Там было еще. Много чего. Почерк был детским, но ее словарный запас был потрясающим, и этот небольшой некролог был лучше, чем все, что она когда-либо написала для «Неонового цирка».
— Я не знаю, сработает ли это, — сказал я, пытаясь вернуть лист бумаги обратно. — Я думаю, что должен написать его сам.
Кэти сказала,
— Попытка — не пытка, не так ли?
Я предположил, что нет. Глядя прямо на Пенни, — я сказал,
— Я даже никогда не видел этого парня, и ты хочешь, чтобы я убил его.
— Да, — сказала она, и теперь она выдержала мой взгляд прямо и открыто. — Это все, чего я хочу.
— Ты уверена?
Она кивнула.
Я сел за маленький домашний стол Кэти, положил рукописный некролог Пенни рядом с моим iPad, открыл пустой документ, и начал перепечатывать. Я сразу понял, что это сработает. Чувство силы было мощнее, чем когда-либо. В смысле прицеливания. Я бросил заглядывать в листок после второго предложения, и просто скользил по экранной клавиатуре, начал с основных моментов, и закончил это фразой: поминающие — никто бы не посмел назвать их скорбящими, учитывая наклонности мистера Лэнгстона — предупреждены, чтобы не приносили цветы, при этом плевки на гроб приветствуется.
Обе женщины уставились на меня.
— Сработает ли это? — спросила Пенни, и тут же ответила сама. — Конечно, сработает. Я почувствовала это.
— Я думаю, что уже сработало. — И обращаясь к Кэти. — Попросишь меня сделать это еще раз, Kэти, и я напишу твой некролог.
Она попыталась улыбнуться, но я видел, что она была напугана.
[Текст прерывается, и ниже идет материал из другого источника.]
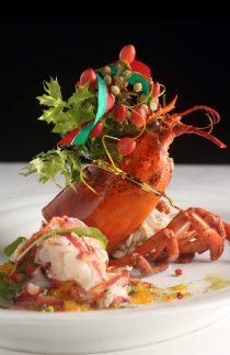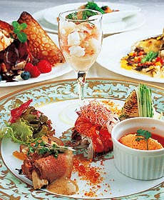 (左) オードブル、オマールエビとやわらかな明石タコのサラダ3種のソース。スペシャルディナーは13,860円(税、サ込)。

Я и не думал этого делать (по крайней мере, я не думал об этом тогда), поэтому я взял ее за руку. Она вскочила, отстранилась от меня, но руку не отняла. Кожа была холодной и липкой.
— Я шучу. Плохая шутка, я знаю. Но этому надо положить конец.
— Да, — сказала она, и шумно сглотнув, выдавила еще одно слово. — Безусловно.
— И никаких россказней. Никому. Никогда.
В очередной раз они согласились. Я начал приподыматься, и тут Пенни прыгнула на меня, сбив обратно в кресло и почти повалив нас обоих на пол. Обняла не нежно; это скорее был захват тонущей женщиной шеи своего горе-спасителя. Она была жирной от пота.
— Благодарю тебя, — прошептала она. — Спасибо, Майк.
Я ушел, не прощаясь, и не сказав им больше ни слова. Я не мог дождаться, когда выберусь оттуда. Я не знаю, съели ли они принесенную мной еду, но очень сомневаюсь в этом. Беспредельное удовольствие, поцелуй-меня-в-задницу.
Я не спал той ночью, и не мысли об Амосе Лэнгфорде не давали мне уснуть. У меня были другие причины для беспокойства.
Это была вечная проблема наркомании. Я оставил Кэти в квартире, пообещав, что никогда больше не воспользуюсь той страшной силой, но это было обещание, которое я давал себя и раньше, и я не был уверен, что смогу сдержать его, потому, что каждый раз, когда я писал некрологи на живых, желание сделать это еще раз только крепчало. Это было похоже на героин. Попробуйте его один или два раза, и вы не сможете остановиться. Через некоторое время вы начинаете понимать это. Возможно, я еще не дошел до этого состояния, но уже был на краю пропасти, и знал это. То, что я пытался донести до Кэти, было абсолютной истиной — это необходимо прекратить, пока я еще мог это сделать. Предполагаю, что было еще не слишком поздно.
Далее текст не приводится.